BEGIN

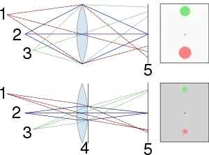 Диаграмма, иллюстрирующая зависимость глубины резкости от относительного отверстия. Точки 1 и 3, находящиеся не в фокусе, при закрытой диафрагме 4 дают кружки рассеяния меньшего диаметра
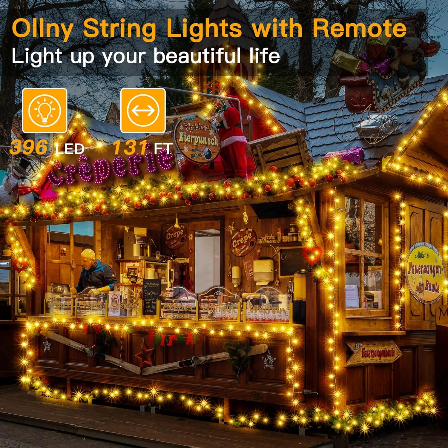 - [Total Length] Total length: 131ft and extra 9.8ft extension cord, outdoor string lights with 396LEDs lights. Ollny decor lights are long and bright enough to decorate your house, home, balcony, deck, fence, backyard umbrella bistro, apartment, dorms, cafe, etc. Extension cords make hanging lights easier to plug into outlets
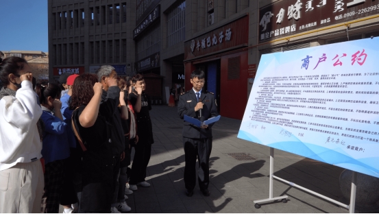 签约仪式结束后,博州市场监督管理局的工作人员带领现代中心城的商家们进行了庄严的宣誓。他们举起右手,誓言铿锵,表达了对诚信经营的坚定信念和对移风易俗行动的积极支持,为活动增添了浓厚的庄重氛围。
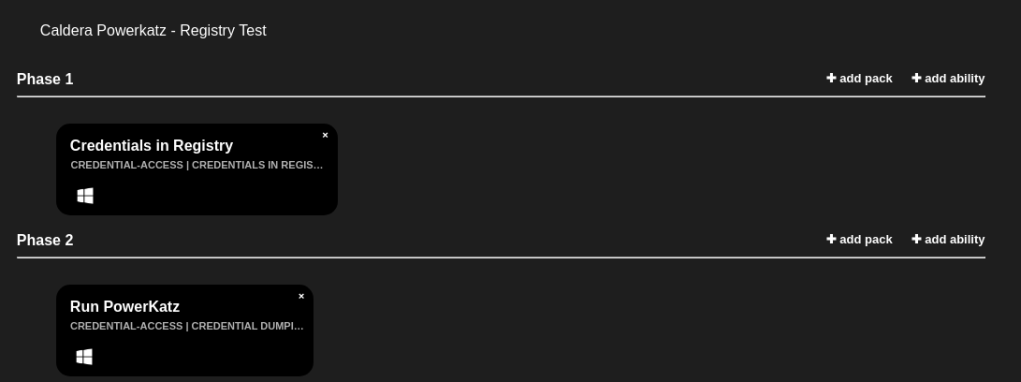 Varsayılan senaryolara ek olarak manuel oluşturulan senaryolar da Caldera‘ya eklenebilir. Bu işlem için Campaigns > adversaries sekmesinden aşağıdakine benzer şekilde senaryolarının oluşturulması mümkün.
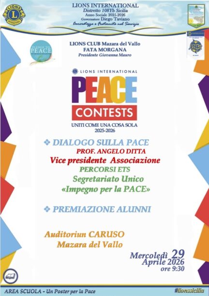 Il Club Lions promuove il concorso internazionale “Un Poster per la Pace”, a cui partecipano gli studenti delle scuole medie, invitati a esprimere, attraverso diverse tecniche artistiche, il proprio concetto di pace su un tema proposto annualmente.
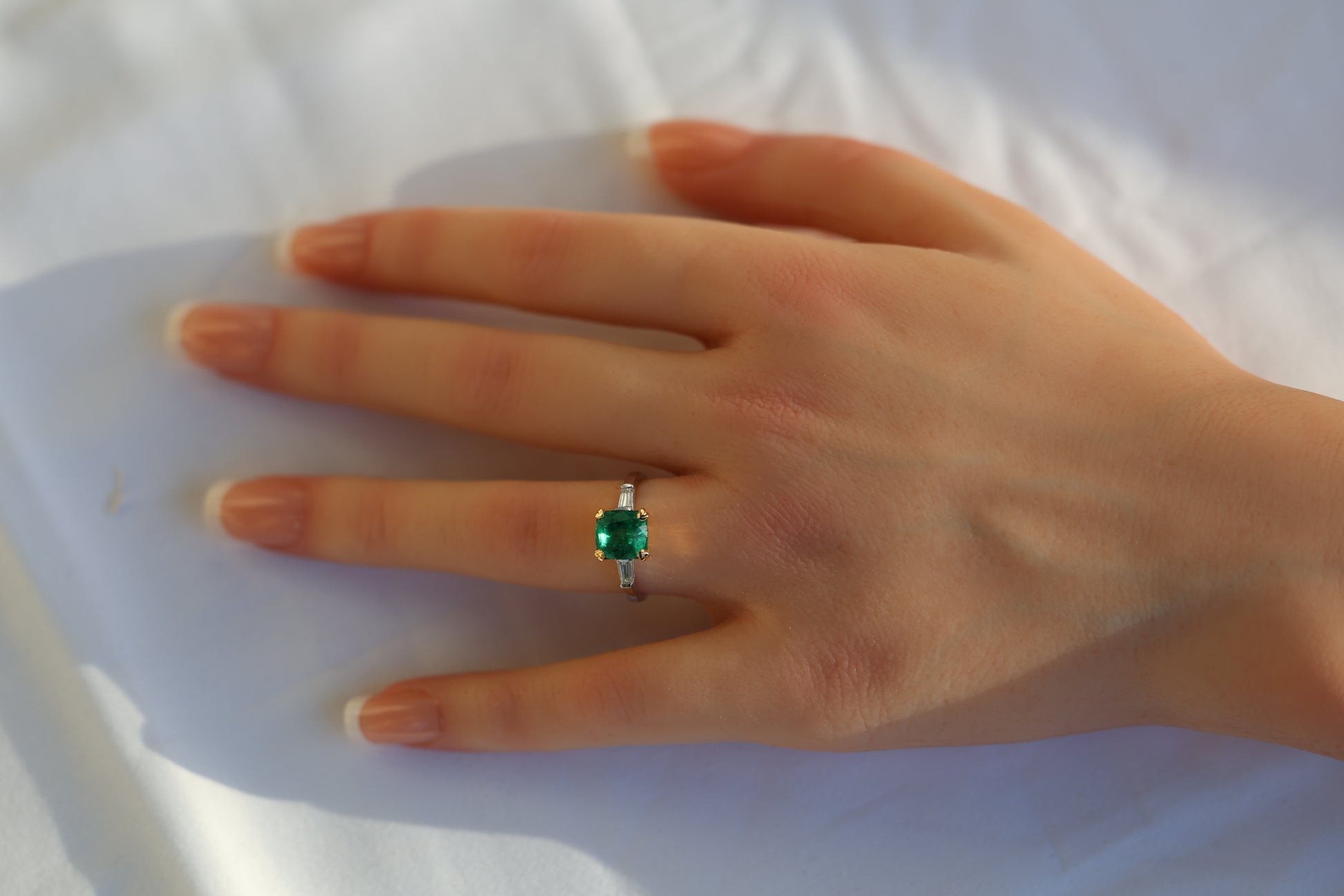 zertifizierter natürlicher afghanischer Smaragdring mit VVS Baguette Diamanten – feine Farb-Qualität in 18 Karat Gold

END

Work request:
Your copy should hold only the lines from the one containing "Il Club Lions" through the last line of the listing, both included, retyped exactly and free of pictures.

Written reply:
 Il Club Lions promuove il concorso internazionale “Un Poster per la Pace”, a cui partecipano gli studenti delle scuole medie, invitati a esprimere, attraverso diverse tecniche artistiche, il proprio concetto di pace su un tema proposto annualmente.
 zertifizierter natürlicher afghanischer Smaragdring mit VVS Baguette Diamanten – feine Farb-Qualität in 18 Karat Gold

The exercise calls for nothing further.